Module 8: OpenSpiel and the Rust Capstone
Builds toward: the full production pipeline — OpenSpiel game → PettingZoo → Ray RLlib distributed training — plus a Rust CFR solver, a business on-ramp via SBIR, and LLM wargame adjudication.
| # | Lesson | Key concepts |
|---|---|---|
| 1 | OpenSpiel architecture | Game API, algorithm API, bots, observers, information state tensors |
| 2 | Implementing a custom game | Extending pyspiel.Game, state transitions, information states |
| 3 | Rust and burn: the production gap | What exists, what does not, how to bridge |
| 4 | Designing the SSA game | State representation, action space, reward structure for the capstone |
| 5 | PettingZoo, shimmy, and Ray RLlib | OpenSpiel → shimmy → PettingZoo AEC → RLlib MultiAgentEnv → MARLlib MAPPO; self-play config; parallelism math |
| 6 | From research to revenue: SBIR and government contracting | SBIR eligibility, SpaceWERX, Phase I/II mechanics, commercial-first vs. SBIR-first, ITAR |
| 7 | LLM-in-the-loop wargame adjudication | FedRAMP constraints, local models, matrix game format, auditability, prompt injection mitigations |
Project (capstone): a Rust crate implementing:
- A two-player extensive-form SSA game (attacker tries to mask a maneuver; defender allocates sensors to detect it)
- A vanilla CFR solver over the game tree using native Rust data structures
- A
burnneural network trained to approximate regret values (replacing tabular CFR for larger state spaces) - A simple CLI that runs self-play and prints the Nash equilibrium strategy profile
This is the artifact you could drop into a thesis simulation.
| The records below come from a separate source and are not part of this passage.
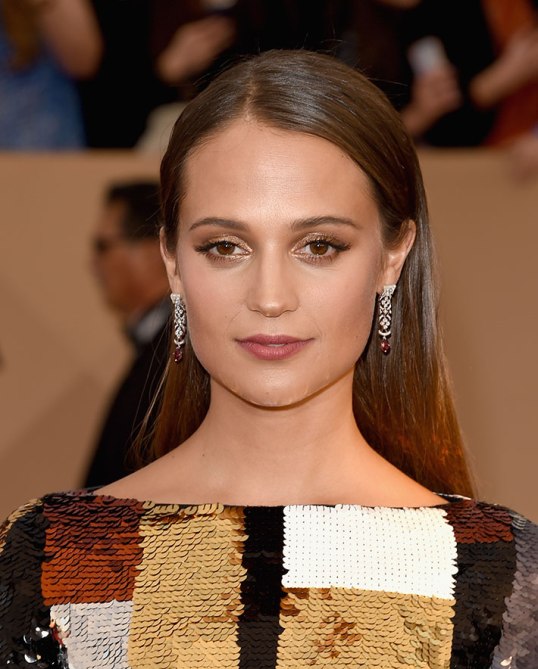 “Friggin’ luminous” is the only way we can describe Alicia Vikander‘s look, from the shimmery gold eyeshadow and dewy skin to her glossy, low maintenance-looking hair.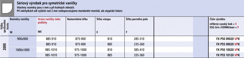 | Charakter | Částečně rámový dvoukřídlý čtvrtkruhový sprchový kout s pevnými poli, s dveřmi otvíravými dovnitř i ven. |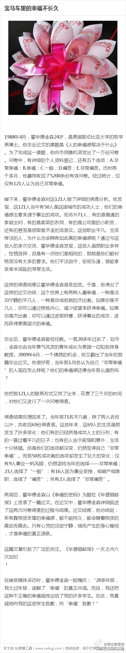 接受媒体采访时,霍华德金森一脸愧疚:“20多年前,我太过年轻,误解了‘幸福’的真正内涵。而且,我还把这种不正确的幸福观传达给了我的许多学生。在此,我真诚地向我的这些学生致歉,向‘幸福’致歉!”

It references every concept built in modules 0 through 7 and fills the gap left by the absence of a Rust-native OpenSpiel.
Module 9: Applied SDA ML
Builds toward: a production maneuver detection pipeline — the first commercially viable SDA AI product built entirely from public data.
| # | Lesson | Key concepts |
|---|---|---|
| 1 | Sequence models for maneuver detection | LSTM on TLE history, synthetic label generation, time-normalized delta features, operational evaluation metrics |
Project: production LSTM maneuver detection pipeline on Space-Track TLE history with ISS reboost test evaluation.